I use the heating element to pre-heat the chamber before firing up the coals. Once at my setpoint temp, I start the charcoal using the minion method. As the coals heat up the element backs off to maintain the setpoint, the charcoal takes over as the primary fuel with the heater helping out a little. As the charcoal burns down the element steps up and keeps the temp from dropping. I get excellent temp control and can stretch a couple chimneys of lump for more 6 hours. Best of both worlds, get true charcoal cooking with the precise temp control of a high end electric 
	

	
	
		
		



		
			






.

The red stuff is permatex hi-temp silicon gasket maker/adhesive. It's tougher and sets up much quicker than regular hi-temp silicon sealer. Good for 650F.
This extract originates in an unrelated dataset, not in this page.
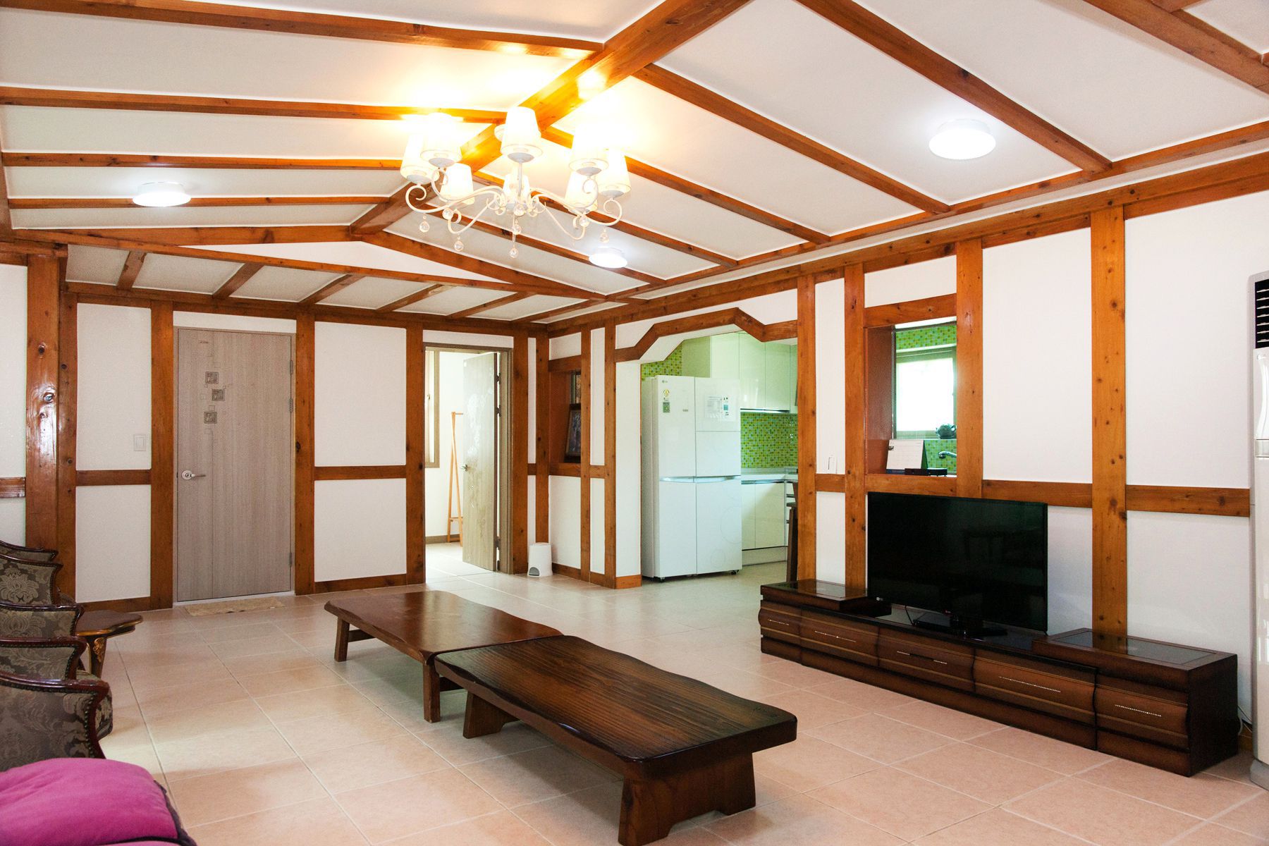 힐링관에는 큰거실,룸3개,벽걸이tv,에어컨,쇼파,식탁,주방기기,정수기,세탁기,화장실2개로 구성되어 있습니다.

Looking forward to seeing how your build goes, If I can help out at all let me know 
	

	
	
		
		



		
		
	


	





.


----------



## scottl (May 1, 2009)

Got it, Thanks a bunch...


----------



## scottl (May 1, 2009)

Hi Dave

One question,,mine looks like yours but has wheels on the bottom, site up around 6 inches, do you think it would work if I put a square box in the bottom with an element in it and put the wood/chargoal on/beside the element at the same time or would you say putting the box on the outside would be the best?


----------



## davenh (May 10, 2009)

Hi Scott...sorry I missed this. I like the box outside, easier to add wood/charcoal and control the temp with the air intake vent. I think the SFB is the way to go if your trying to keep charcoal as your primary fuel. Plus you can get the chargriller SFB for $55 at Lowes.

You also need to be careful you don't go over the sheath temp rating of your element. If you put the element too close to the hot coals it might not last long. I used a finned tubular heater. The fins gives faster/better heat transfer to air which helps keep the sheath temp down. Plus the main coals not being in the same chamber helps too.


----------



## scottl (May 10, 2009)

thanks, I have been down, and havent been able to work on it as much, but gettin all thinks together about done.


----------